Vision-language-action (VLA) models are powerful action generators for robot manipulation, but they are typically executed with fixed inference and replanning schedules. This rigidity ignores the uneven difficulty of robot control: contact-rich or uncertain states may need more computation and fresher feedback, while easier states can often be handled with fewer inference steps and longer open-loop execution. We propose Elastic Queries Reinforcement Learning (EQRL), a framework that makes each VLA policy query elastic. A lightweight latent-schedule adaptor jointly selects the latent input, denoising budget, and action chunk length, without fine-tuning the underlying VLA model. To make scheduling difficulty-aware, EQRL trains a critic over the joint latent-schedule action and derives a state difficulty signal from critic ensemble disagreement. This signal guides compute toward difficult states, while a learned residual allows task-driven correction. We formulate variable chunk execution as query-level macro-action RL with chunk-dependent discounting and an amortized number-of-function-evaluations (NFE) budget. Across simulation and real-robot manipulation, EQRL reduces amortized inference cost while preserving or improving task success.

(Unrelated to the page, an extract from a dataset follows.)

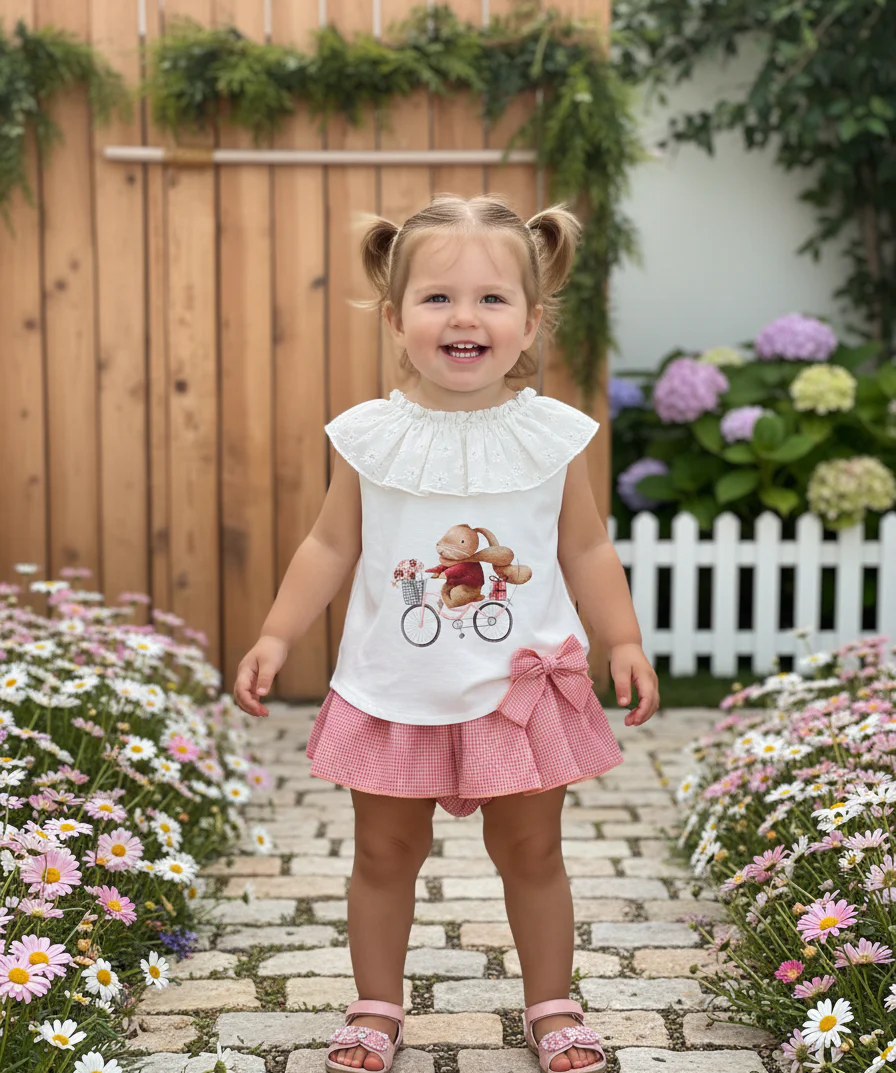 🐰 Conjunto camiseta y short de Flores y filo de encaja de Valentina

翻译：视觉-语言-动作模型是机器人操作中强大的动作生成器，但通常以固定的推理和重规划时间表执行。这种刚性忽略了机器人控制的不均匀难度：接触密集或不确定状态可能需要更多计算和更新鲜的反馈，而简单状态通常可以用更少的推理步骤和更长的开环执行来处理。我们提出弹性查询强化学习，一种使每个VLA策略查询变得弹性的框架。轻量级潜在调度适配器联合选择潜在输入、去噪预算和动作块长度，无需微调底层VLA模型。为使调度具有难度感知能力，EQRL在联合潜在调度动作上训练一个评价器，并从评价器集成差异中导出状态难度信号。该信号将计算引导至困难状态，同时学习到的残差允许任务驱动校正。我们将变长块执行形式化为查询级宏动作强化学习，包含块相关的折扣因子和摊销的函数评估次数预算。在仿真和真实机器人操作中，EQRL在保持或提升任务成功率的同时降低了摊销推理成本。